Recent government studies show that hepatitis C, which can destroy the liver and necessitate a liver transplant, now kills more American adults than AIDS, and new UCLA research shows just how prevalent the disease is among homeless adults in downtown Los Angeles.

In a study published in the July–August issue of Public Health Reports, researchers found that 26.7 percent of homeless adults tested and surveyed in downtown Los Angeles’ skid row were infected with the hepatitis C virus (HCV) — more than 10 times the 2 percent rate among the general U.S. population. Of those surveyed, 46.1 percent were unaware that they were infected. Four percent of the sample were HIV-positive.

Few of the infected homeless adults surveyed had ever received any treatment for their HCV, said Dr. Lillian Gelberg, professor of family medicine at the David Geffen School of Medicine at UCLA, who led the study with Dr. Marjorie Robertson of the Public Health Institute’s Alcohol Research Group. Less than 3 percent of those who knew they were infected had ever been treated.
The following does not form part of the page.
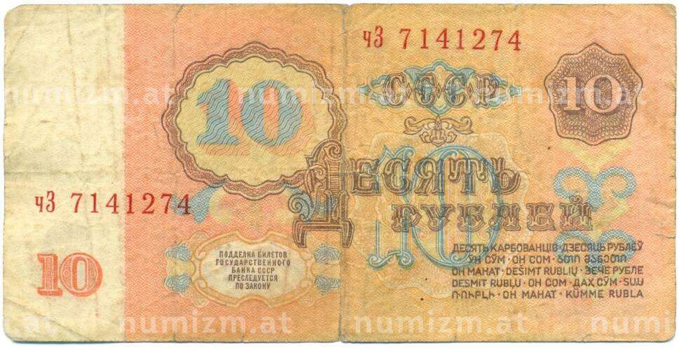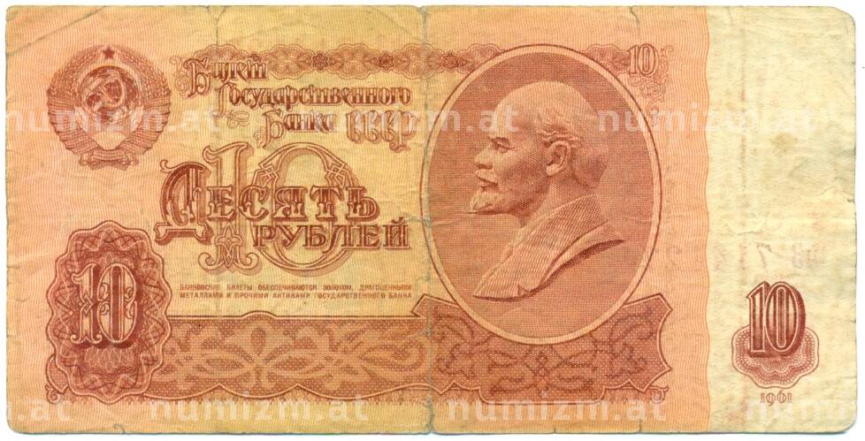 • Банкнота 10 рублей 1961 года (Артикул: B1-12431) — Фото №1 Банкнота 10 рублей 1961 года (Артикул: B1-12431) — Фото №2

“Their hepatitis C can result in high costs to the public and the health care system if progression of their disease is not halted through treatment,” said Gelberg, who is also a professor of public health at the UCLA Fielding School of Public Health. “The costs of their untreated hepatitis C may start escalating soon, as many are approaching 20 years of infection, which is the point at which we see escalating risk for liver cirrhosis and end-stage liver disease, requiring expensive health services utilization and liver transplantation.”

The study surveyed 534 homeless adults from 41 shelters and meal programs in the skid row area between June 2003 and February 2004. Most were males and the majority were African Americans. Each was tested for hepatitis B and C and for HIV. Overall, the researchers found that HCV prevalence was significantly higher among those homeless individuals who had injected drugs or been in prison; who were 40 years of age and older; who had less education; or who were U.S.-born.